Find key data for title winning years

In [60]:
WINNERS = ['1900-1901', '1905-1906', '1921-1922', '1922-1923', '1946-1947', '1963-1964', '1965-1966', '1972-1973', '1975-1976', 
           '1976-1977', '1978-1979', '1979-1980', '1981-1982', '1982-1983', '1983-1984', '1985-1986', '1987-1988', '1989-1990']
dfw = dflfc_scorers_tl_lg[dflfc_scorers_tl_lg.season.isin(WINNERS)].sort(['season', 'league'], ascending=False)
In [61]:
# check all 18 title winning seasons have matched
len(dfw.season.unique())
Out[61]:
18
In [62]:
# print average number of goals by striker in title winning season
dfw_1 = dfw[['season', 'league']].groupby('season').head(1).groupby('season').sum()

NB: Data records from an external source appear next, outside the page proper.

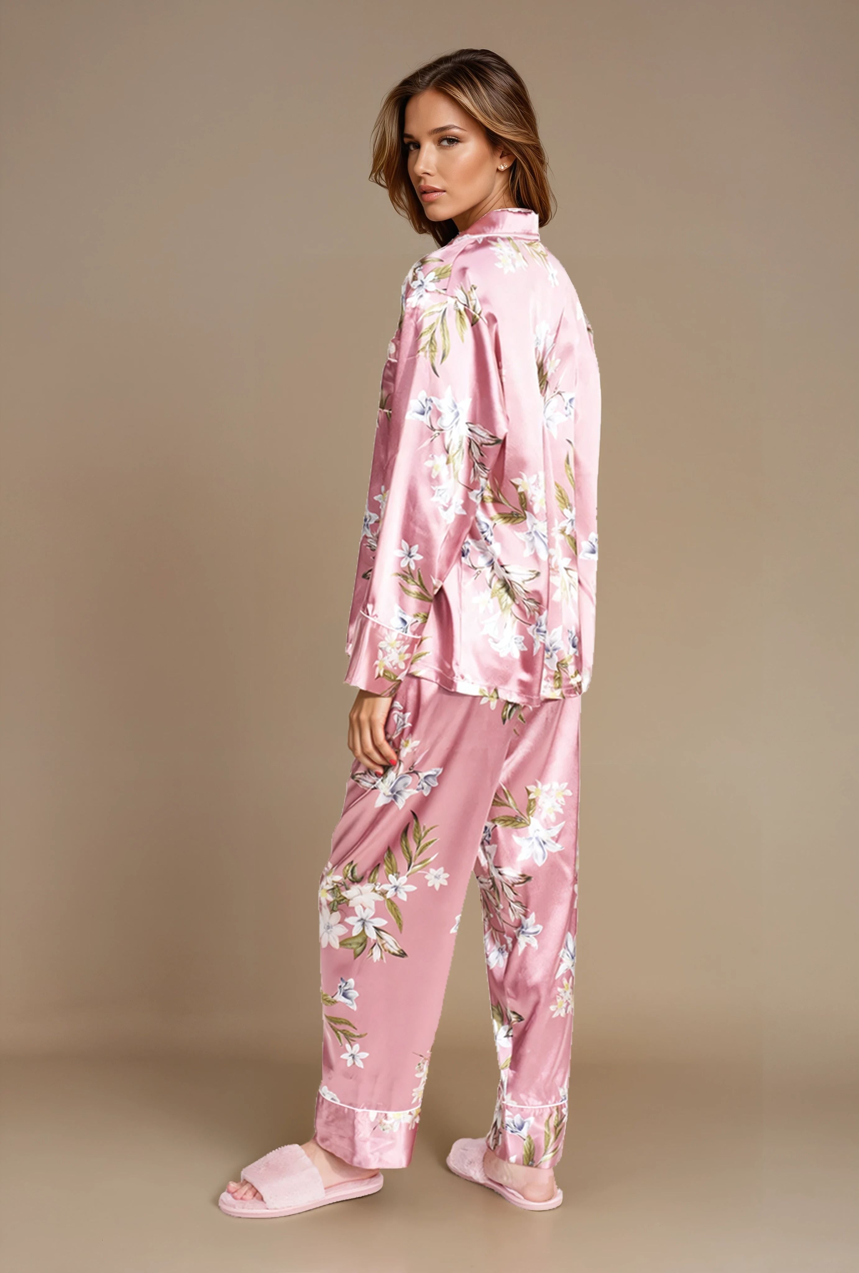 Satin Pyjamas 2-Set - Floral & Luksuriøs Shimmer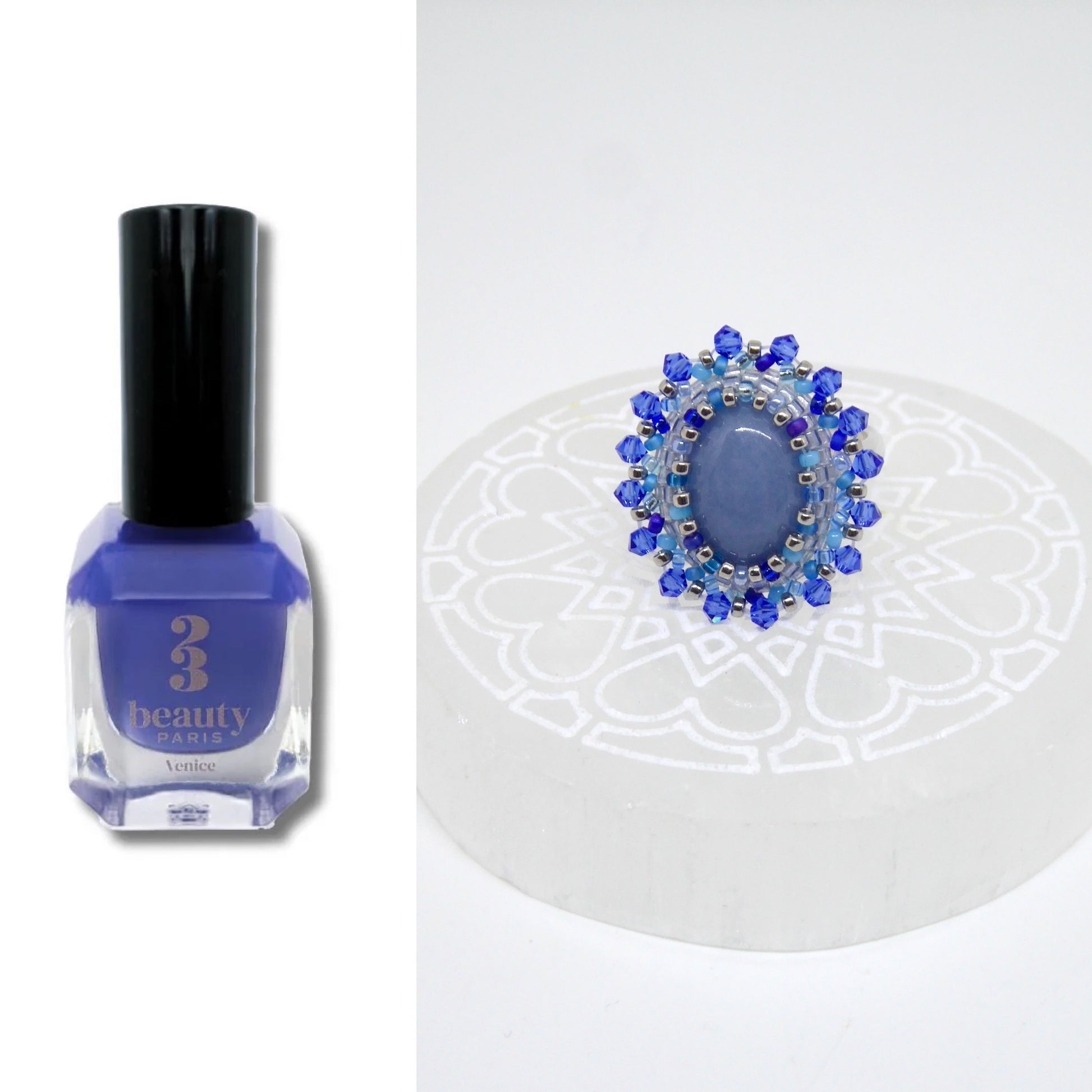 -> Modèle unique associé au vernis Venice de 23BEAUTY : Un parme doux et raffiné, inspiré des couchers de soleil sur la plage Venice.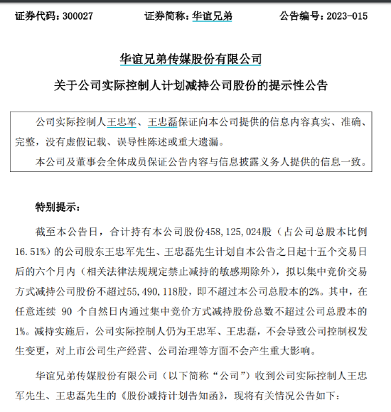 华谊兄弟公告,实际控制人王忠军、王忠磊拟以集中竞价交易方式减持公司股份不超过5549.0118万股,即不超过本公司总股本的2%。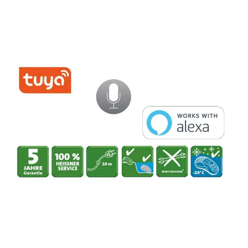 - Chytré ovládání: Připojení přes WiFi do aplikace Heissner Smart Garden (Android/iOS). Podpora hlasového ovládání.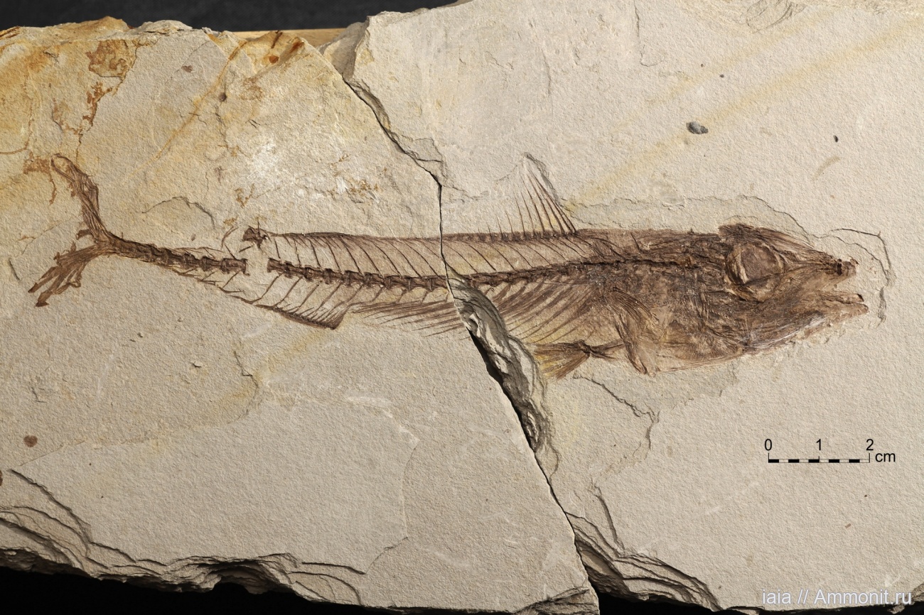 Приятной сохранности скумбрия, тоже из старых сборов. Следы почти полностью сгнивших дополнительных плавничков были видны на противоотпечатке. За исключением пары морфометрических параметров близка к Scomber gnarus, что, на сколько я понимаю, в общем случае является проблемой, так как картируемые в районе "точки" возраста вмещающих пород на современных картах предполагают находки более архаичных скумбрий.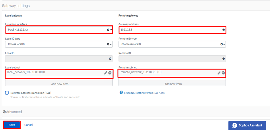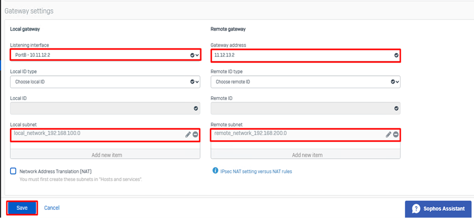 Chọn Listening interface là PortB và Gateway address là WAN IP address của Firewall phía Branch-Site. Tương tự chọn Local subnet là local_network_192.168.100.0 và Remote subnet là remote_network_192.168.200.0

round(dfw_1.sort('league', ascending=False)['league'].mean())
Out[62]:
22.0
In [63]:
# print average number of goals by partner in title winning season
dfw_2 = dfw[['season', 'league']].groupby('season').head(2).groupby('season').nth(1)
round(dfw_2.sort('league', ascending=False)['league'].mean())
Out[63]:
15.0
In [64]:
# print average number of goals by partnership in title winning season
dfw_p = dfw[['season', 'league']].groupby('season').head(2).groupby('season').sum()
rp = round(dfw_p.sort('league', ascending=False)['league'].mean())
print "Liverpool's history says that to win the league we need a striker partnership that will score {} goals on average.".format(rp)
Liverpool's history says that to win the league we need a striker partnership that will score 37.0 goals on average.